Мамут разочарованно выпустил дым.

– Вот те на! А я-то надеялся, что приехал на ужин к такому же, как я, гедонисту. Значит, вы зажарили Настю не из любви к жизни, а по идеологическим соображениям?

– Я зажарил свою дочь, Дмитрий Андреевич, из любви к ней. Можете считать меня в этом смысле гедонистом.

– Какой же это гедонизм? – желчно усмехнулся Мамут. – Это толстовщина чистой воды!

– Лев Николаевич пока еще не жарил своих дочерей, – деликатно возразил Лев Ильич.

– Да и вряд ли зажарит, – вырезал кусок из Настиной ноги Саблин. – Толстой – либеральный русский барин. Следовательно – эгоист. А Ницше – новый Иоанн Креститель.

– Демагогия, – хлебнул вина Мамут. – Ницше вам всем залепил глаза. Всей радикально мыслящей интеллигенции. Она не способна просто и здраво видеть сущее. Нет, это бред какой-то, всеобщее помешательство, второе затмение умов! Сперва Гегель, на которого мой дедушка молился в буквальном смысле слова, теперь этот усатый!

– Что вас так раздражает в Ницше? – раскладывал вырезанные куски по тарелкам Саблин.

– Не в нем, а в русских ницшеанцах. Слепота раздражает. Ницше не добавил ничего принципиально нового к мировой философской мысли.

– Ой ли? – Саблин передал ему тарелку с правой грудью.

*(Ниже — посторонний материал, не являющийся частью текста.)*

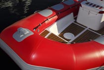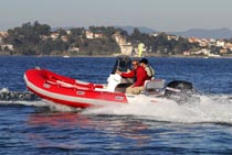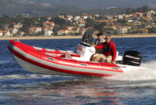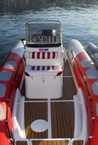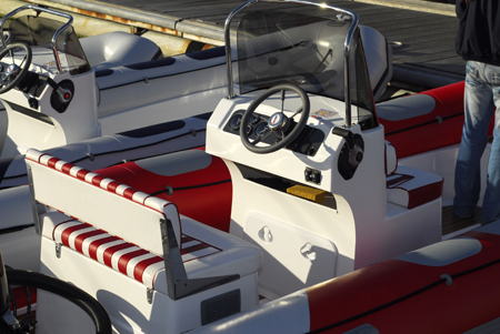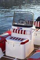 Mas é a navegar que este modelo mostra todo o seu potencial. Na saída da marina podemos logo testar a capacidade de manobra do conjunto tendo que se ter algum cuidado com a aceleração do motor que possui uma resposta muito instantânea. A navegar já em mar aberto o comportamento do conjunto é irrepreensível com o motor a responder bem a todas as solicitações. Quando apertámos mais com a velocidade o conjunto tornou-se mais instável talvez pela falta de algum peso a bordo visto estarmos apenas dois adultos. Esta reacção não é nada de alarmante apenas obriga a uma atenção redobrada. Ao nível do equipamento, a consola central cumpre bem protegendo o piloto e o acompanhante e com bastante espaço para instalação de instrumentos.

– Сомнительное заявление, – заметил Лев Ильич.

– Ничего, ни-че-го принципиально нового! Вся греческая литература ницшеанская! От Гомера до Аристофана! Аморализм, инцест, культ силы, презрение к быдлу, гимны элитарности! Вспомните Горация! «Я презираю темную толпу!» А философы? Платон, Протагор, Антисфен, Кинесий? Кто из них не призывал преодолеть человеческое, слишком человеческое? Кто любил демос? Кто говорил о милосердии? Разве что один Сократ.

– О сверхчеловеке заговорил первым только Ницше, – возразил Саблин.

– Чушь! Шиллер употреблял это слово! О сверхчеловеке говорили многие – Гете, Байрон, Шатобриан, Шлегель! Да что Шлегель, черт возьми, – в статейке Раскольникова весь ваш Ницше! С потрохами! А Ставрогин, Версилов? Это не сверхчеловеки? «…свету провалиться, а мне всегда чай пить!»

– Все великие философы подводят черту, так сказать, общий знаменатель под интуитивно накопленном до них, – заговорил отец Андрей. – Ницше не исключение. Он же не в чистом поле философствовал.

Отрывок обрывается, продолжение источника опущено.